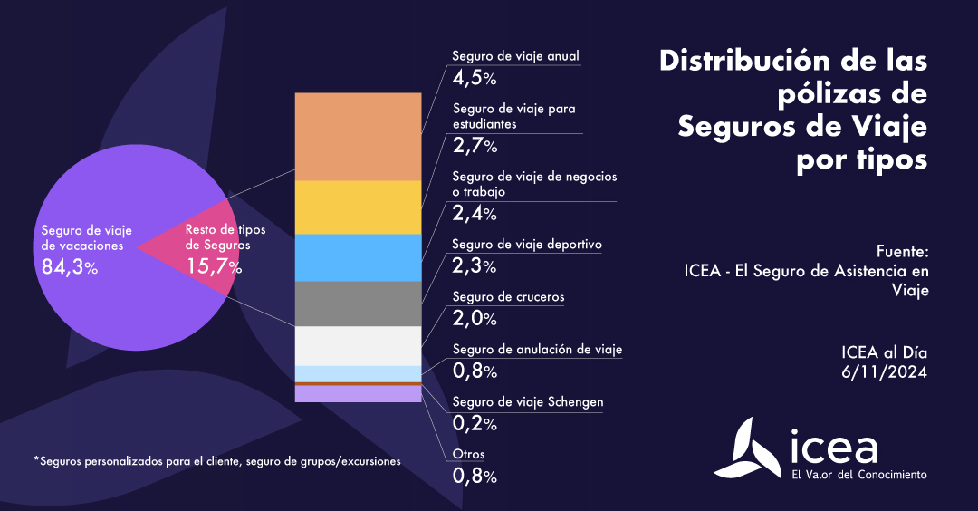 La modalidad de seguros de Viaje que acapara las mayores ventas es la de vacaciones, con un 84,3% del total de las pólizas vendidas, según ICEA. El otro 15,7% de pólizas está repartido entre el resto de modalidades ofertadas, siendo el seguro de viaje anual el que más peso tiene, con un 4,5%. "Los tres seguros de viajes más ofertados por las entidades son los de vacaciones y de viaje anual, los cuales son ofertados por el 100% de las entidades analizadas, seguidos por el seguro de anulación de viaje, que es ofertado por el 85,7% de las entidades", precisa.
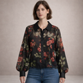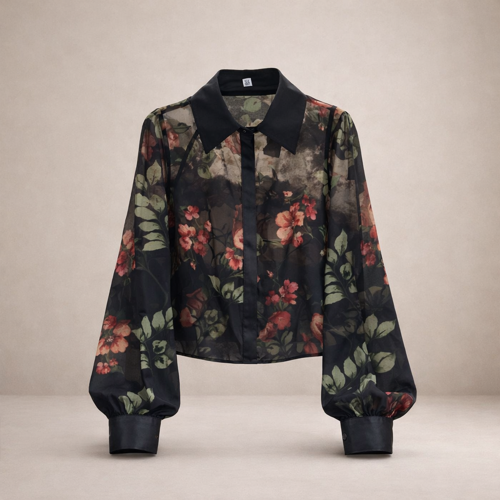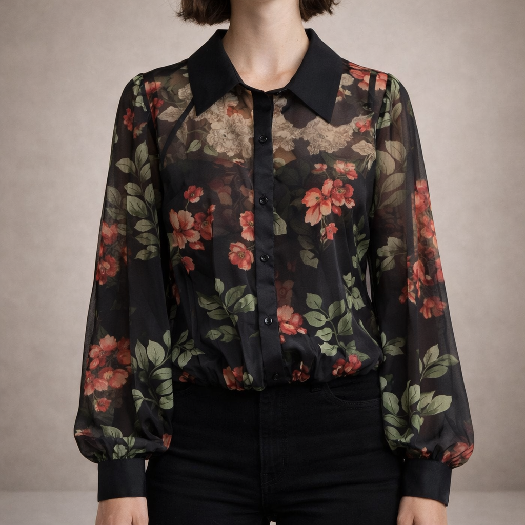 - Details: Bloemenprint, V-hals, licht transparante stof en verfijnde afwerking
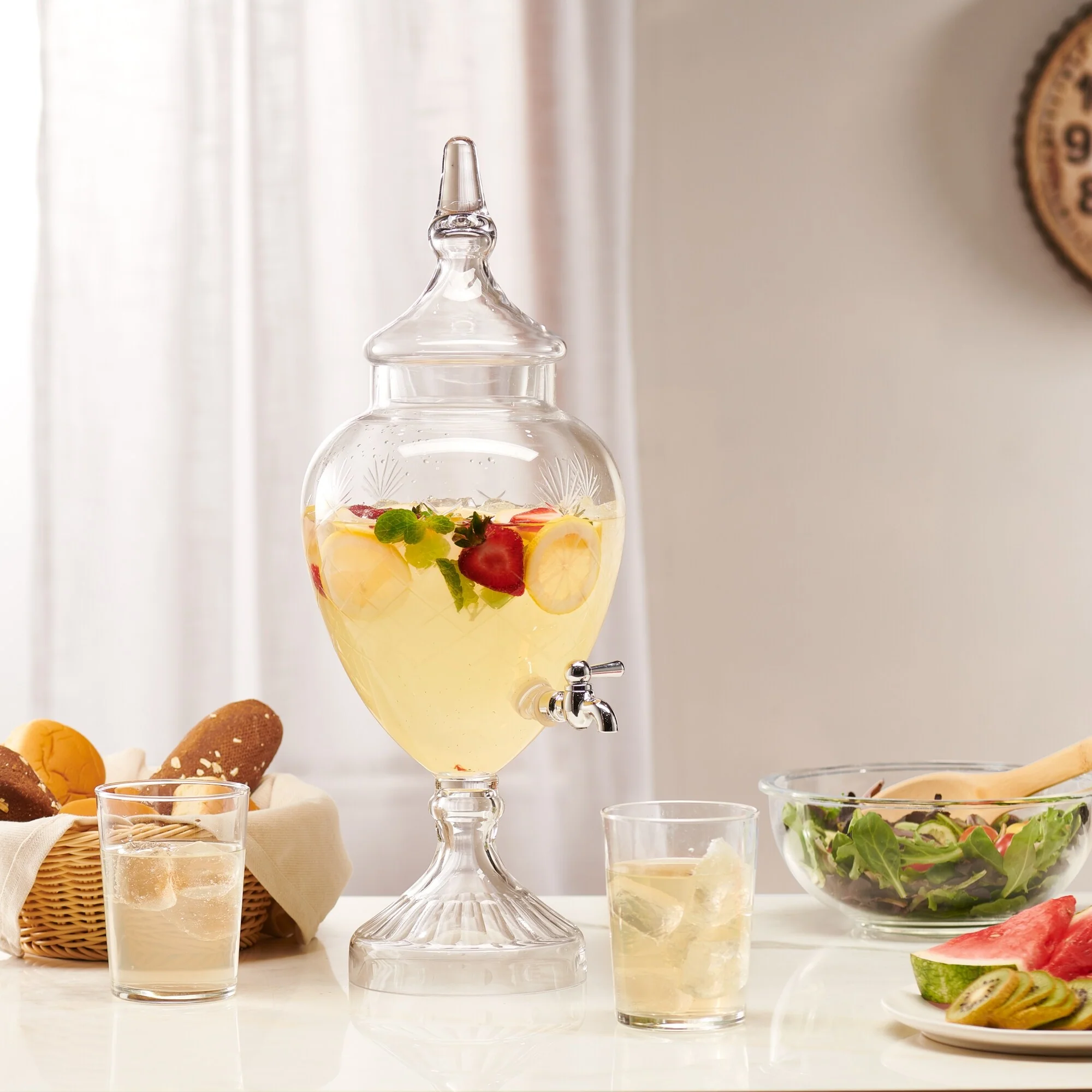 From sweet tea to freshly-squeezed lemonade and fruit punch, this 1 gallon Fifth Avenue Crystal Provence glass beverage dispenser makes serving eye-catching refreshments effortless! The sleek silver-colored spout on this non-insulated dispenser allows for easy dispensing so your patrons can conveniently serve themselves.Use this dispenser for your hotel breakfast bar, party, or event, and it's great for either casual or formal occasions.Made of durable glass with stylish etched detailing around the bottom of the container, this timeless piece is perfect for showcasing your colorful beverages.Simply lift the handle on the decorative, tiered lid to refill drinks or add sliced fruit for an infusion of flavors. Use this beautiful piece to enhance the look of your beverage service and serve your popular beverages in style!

Your goal>
A faithful copy is needed of the lines from the one containing "- Details: Bloemenprint, V-hals, licht" through the last line of the data above, with pictures left out.

Task solution>
 - Details: Bloemenprint, V-hals, licht transparante stof en verfijnde afwerking
 From sweet tea to freshly-squeezed lemonade and fruit punch, this 1 gallon Fifth Avenue Crystal Provence glass beverage dispenser makes serving eye-catching refreshments effortless! The sleek silver-colored spout on this non-insulated dispenser allows for easy dispensing so your patrons can conveniently serve themselves.Use this dispenser for your hotel breakfast bar, party, or event, and it's great for either casual or formal occasions.Made of durable glass with stylish etched detailing around the bottom of the container, this timeless piece is perfect for showcasing your colorful beverages.Simply lift the handle on the decorative, tiered lid to refill drinks or add sliced fruit for an infusion of flavors. Use this beautiful piece to enhance the look of your beverage service and serve your popular beverages in style!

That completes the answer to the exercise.